A relationship is not 50/50. We all have things we like to do and hate to do. We all have things we are good at and not so good at. One partner may work harder outside the home, and the other may have a more relaxed position.
The most common reason people cite why their marriage fail is that people marry someone for the wrong reasons, such as pressure from friends and family, being together for image, thinking that love will solve everything.
People who have been through divorces almost always say communication is the most important thing. But the thing people with happy marriages consider the most important is a deep respect for their partner as well as respect for themselves.
If there is a bedrock of respect for each individual's interests and values underpinning the relationship, each individual is encouraged to foster their own growth and development. Each individual will evolve in different and unexpected ways.
Relationships, like muscles, cannot get stronger without stress and challenge. You will have to fight at times and hash things out. However, it is essential to know how to fight.

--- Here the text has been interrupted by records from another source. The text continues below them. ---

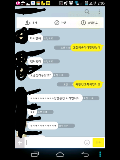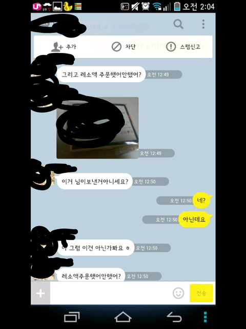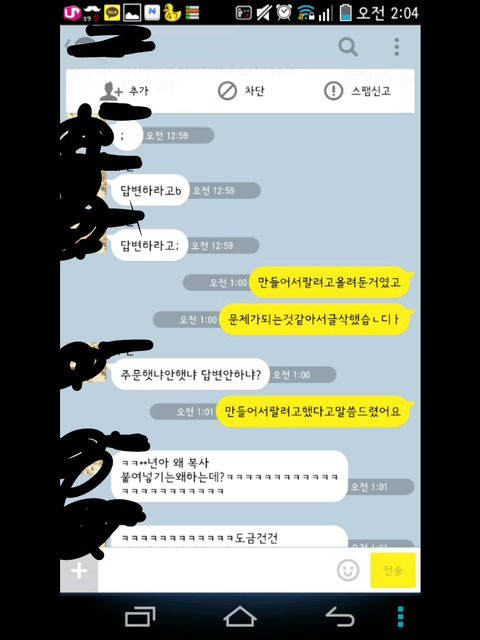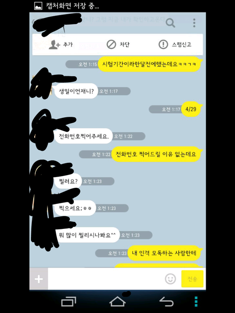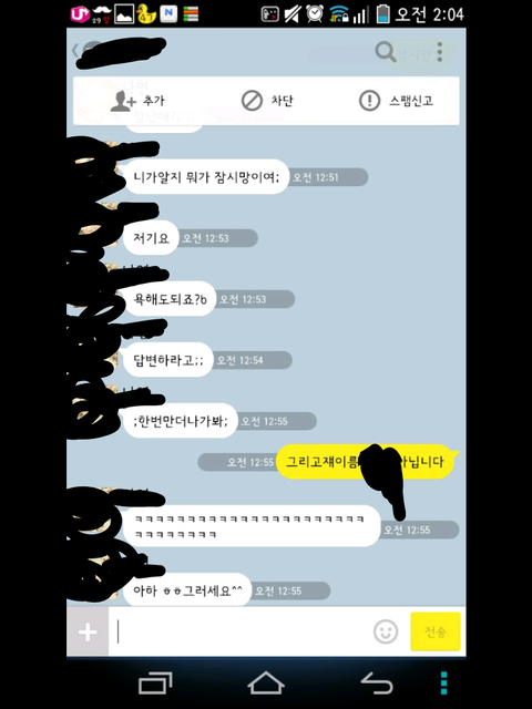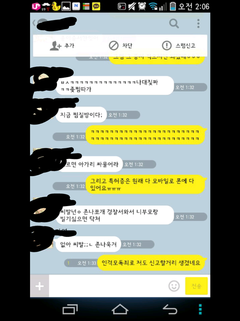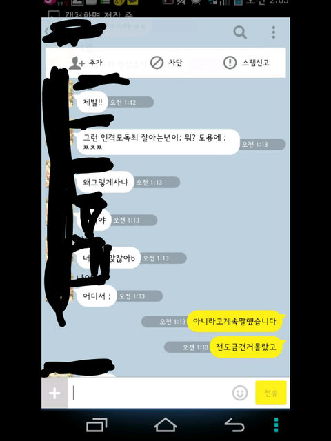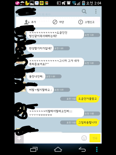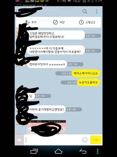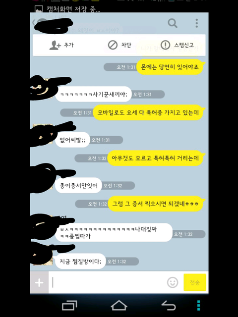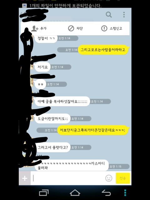 그런데 한참 있다가 어느 한 분에게 시비가 걸려서 톡을 했는데 그 내용 보여 드리겠습니다.
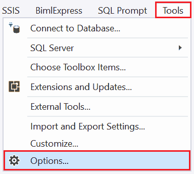Go to Tools → Options:
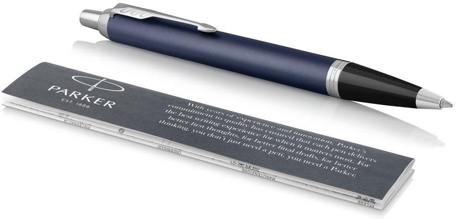 Matowy, niebieski lakier i chromowane pierścienie. _W opakowaniu prezentowym Parker. Pewność i profesjonalizm._Solidny partner. Inteligentny, pewny i profesjonalny. Linia Parker IM to stalówki ze stali nierdzewnej i wykończenia oddające najlepszą tradycję marki. Każdy detal linii zaprojektowany …
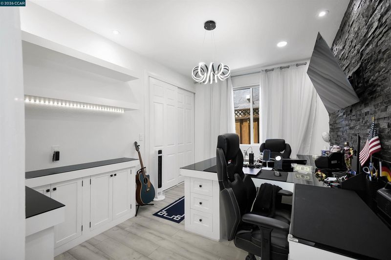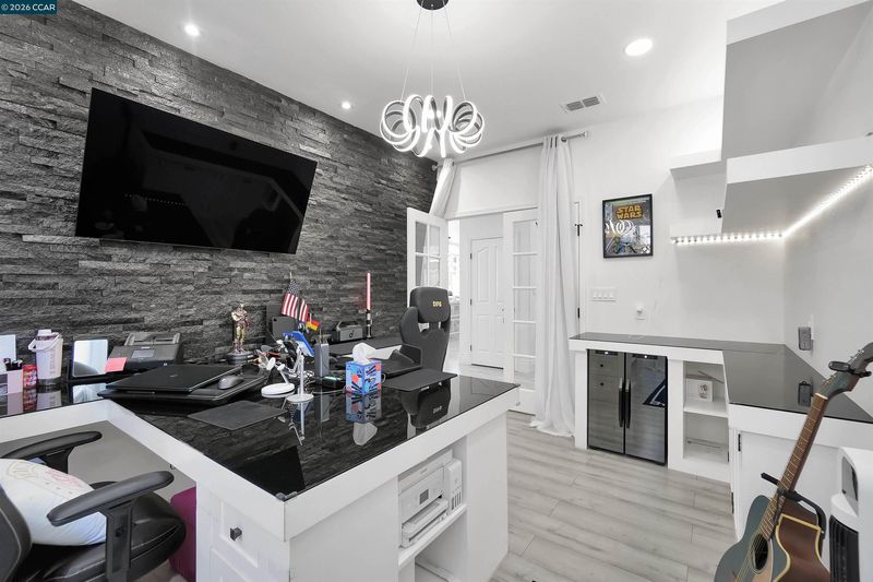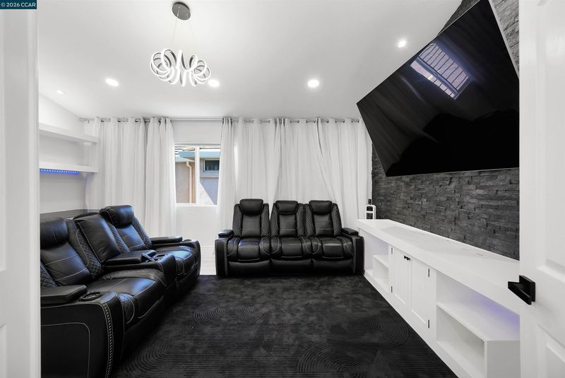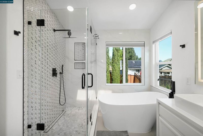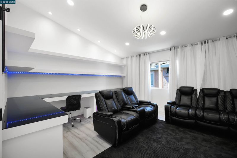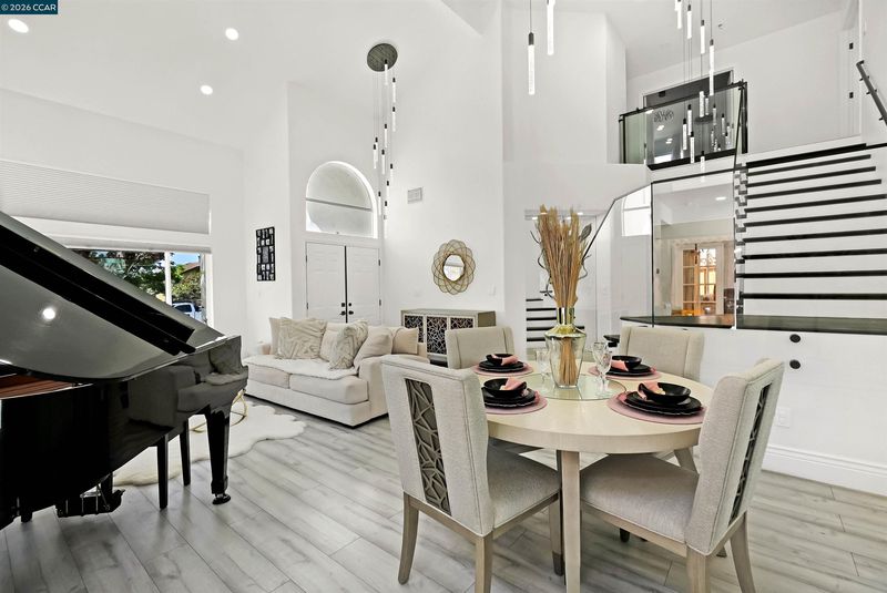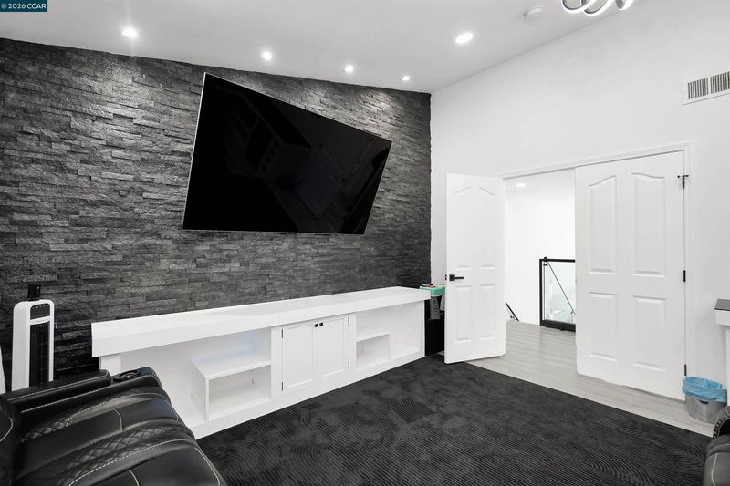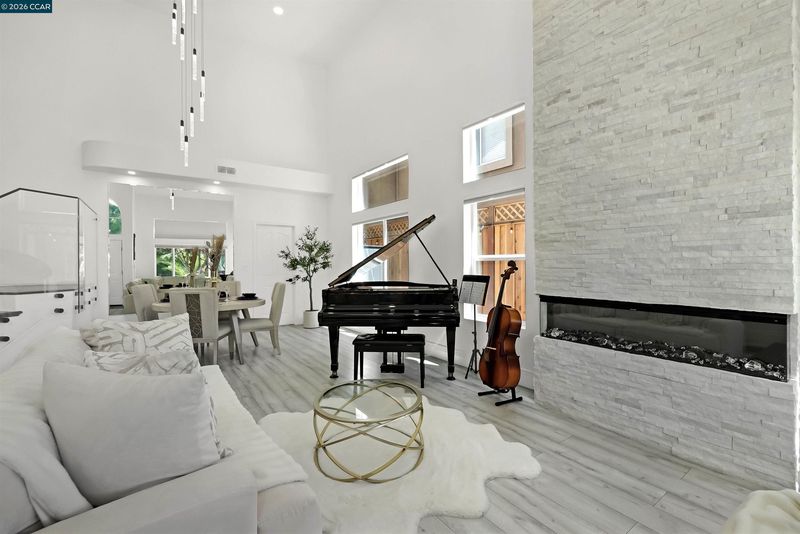 Welcome to a home that makes an unforgettable first impression. Showcasing striking curb appeal, soaring ceilings, and a beautifully remodeled interior, this residence blends modern elegance with everyday comfort. Natural light pours into the impressive main living area, highlighted by a stunning fireplace, statement glass staircase, and upscale finishes throughout. The updated kitchen offers a clean, timeless design with sleek cabinetry, generous prep space, and seamless flow for both daily living and entertaining. Upstairs, the spacious primary suite feels like a true retreat, while the remodeled bathrooms and versatile bonus/media room add comfort and flexibility. Step outside to a thoughtfully redesigned backyard where towering trees create a striking natural backdrop and an added sense of privacy. Enhanced with a beautifully updated retaining wall, expansive concrete hardscape, and a spa, the outdoor space is both polished and functional. Ideal for entertaining, unwinding, and enjoying the setting year-round. Stylish, inviting, and thoughtfully upgraded, this is the kind of home that truly stands apart.
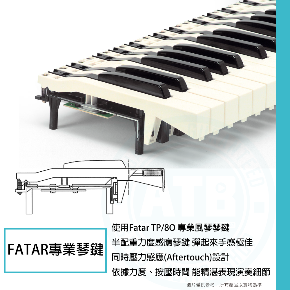 ◆採用TP/80半配重、力度感應鍵盤

If something bothers you in the relationship, you must be willing to say it out loud to your partner. Doing so builds trust, and trust creates intimacy. If you cannot trust, you cannot be trusted.
Romantic love, though able to make us feel ecstatic at times, is also irrational and temporary.
It is not your partner's responsibility to make you happy. Each one should figure out what makes them happy as an individual, then you both bring that to the relationship.
Don't ever stop doing the little things, such as saying "I love you"; holding hands during a movie; doing small favours here and there; helping with some household chores.